START Source material

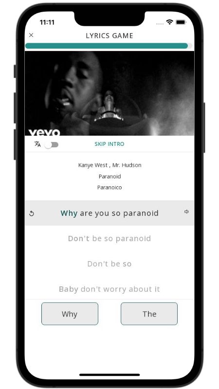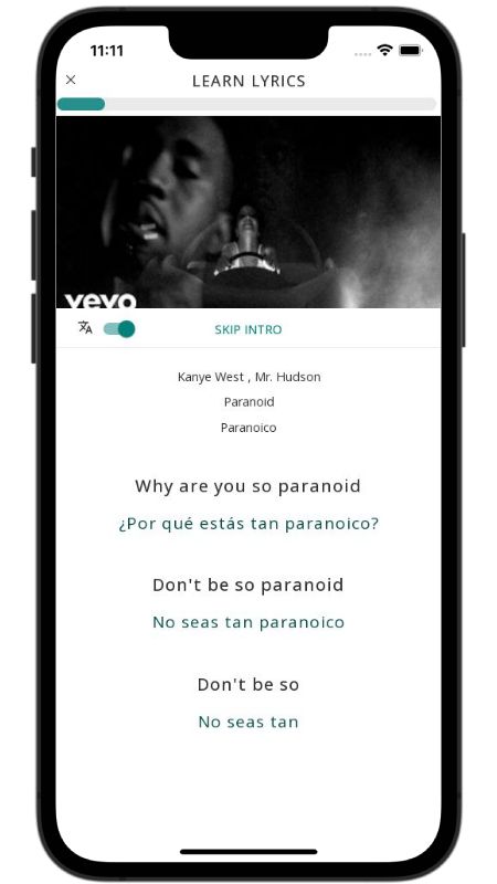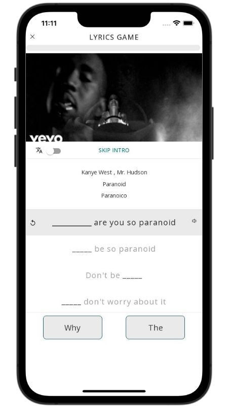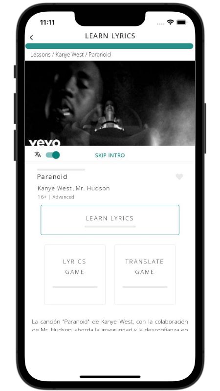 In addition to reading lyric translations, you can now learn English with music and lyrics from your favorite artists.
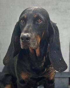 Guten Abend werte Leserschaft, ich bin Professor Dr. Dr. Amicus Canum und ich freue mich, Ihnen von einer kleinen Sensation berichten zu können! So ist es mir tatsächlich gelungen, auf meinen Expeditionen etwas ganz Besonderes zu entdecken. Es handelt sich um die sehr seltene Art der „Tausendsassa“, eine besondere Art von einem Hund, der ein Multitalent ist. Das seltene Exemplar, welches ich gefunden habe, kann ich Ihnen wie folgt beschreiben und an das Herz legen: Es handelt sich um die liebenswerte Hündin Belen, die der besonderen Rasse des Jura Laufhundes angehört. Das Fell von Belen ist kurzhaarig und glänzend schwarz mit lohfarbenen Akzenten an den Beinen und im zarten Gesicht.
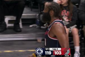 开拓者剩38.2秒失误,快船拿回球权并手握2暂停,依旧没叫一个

END Source material
START Source material

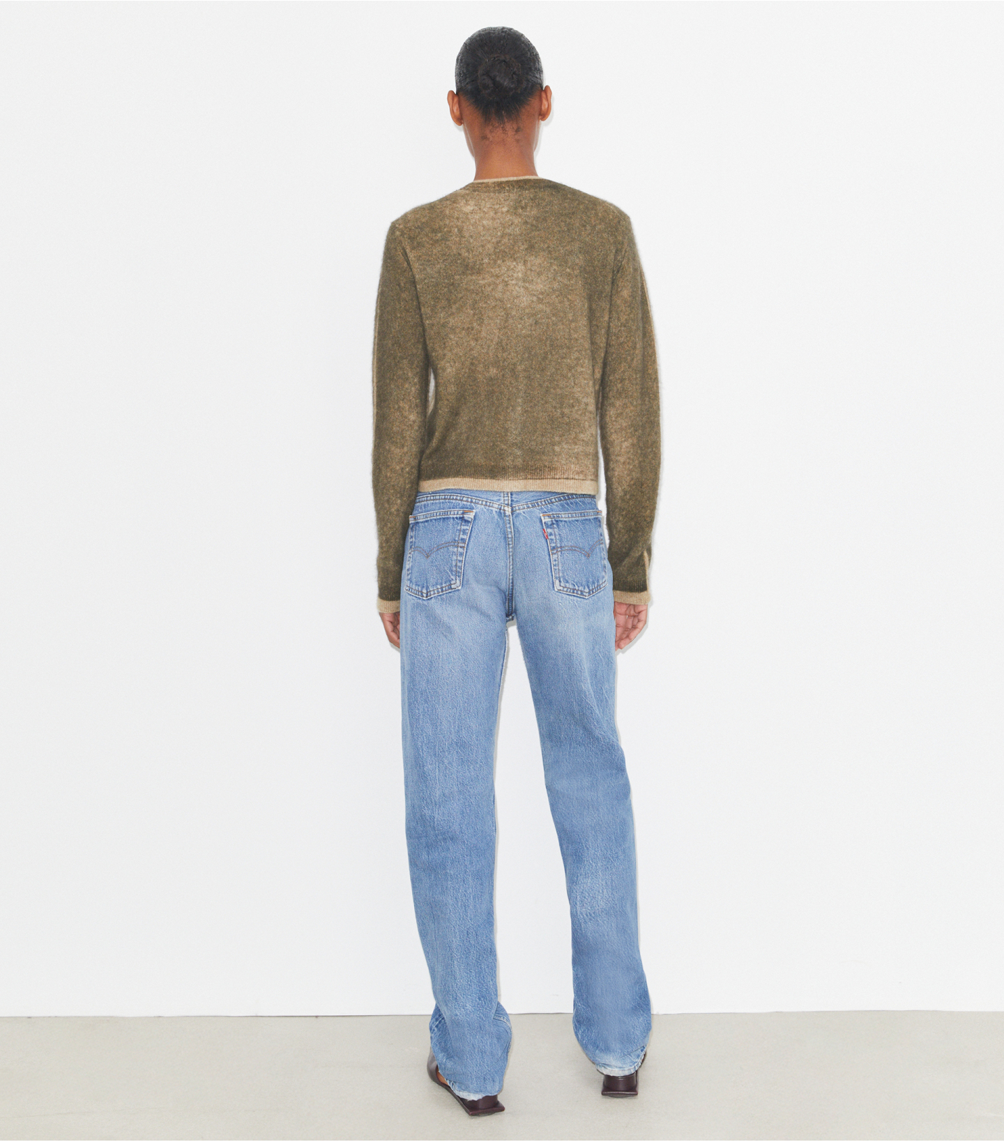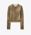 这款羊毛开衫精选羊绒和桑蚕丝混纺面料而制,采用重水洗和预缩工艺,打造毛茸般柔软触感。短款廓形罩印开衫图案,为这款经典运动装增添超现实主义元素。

END Source material

## Work order
Pictures in the material above should be skipped; print exactly the lines from the one with "In addition to" through the one with "开拓者剩38.2秒失误,快船拿回球权并手握2暂停,依旧没叫一个".

## Response below
 In addition to reading lyric translations, you can now learn English with music and lyrics from your favorite artists.
 Guten Abend werte Leserschaft, ich bin Professor Dr. Dr. Amicus Canum und ich freue mich, Ihnen von einer kleinen Sensation berichten zu können! So ist es mir tatsächlich gelungen, auf meinen Expeditionen etwas ganz Besonderes zu entdecken. Es handelt sich um die sehr seltene Art der „Tausendsassa“, eine besondere Art von einem Hund, der ein Multitalent ist. Das seltene Exemplar, welches ich gefunden habe, kann ich Ihnen wie folgt beschreiben und an das Herz legen: Es handelt sich um die liebenswerte Hündin Belen, die der besonderen Rasse des Jura Laufhundes angehört. Das Fell von Belen ist kurzhaarig und glänzend schwarz mit lohfarbenen Akzenten an den Beinen und im zarten Gesicht.
 开拓者剩38.2秒失误,快船拿回球权并手握2暂停,依旧没叫一个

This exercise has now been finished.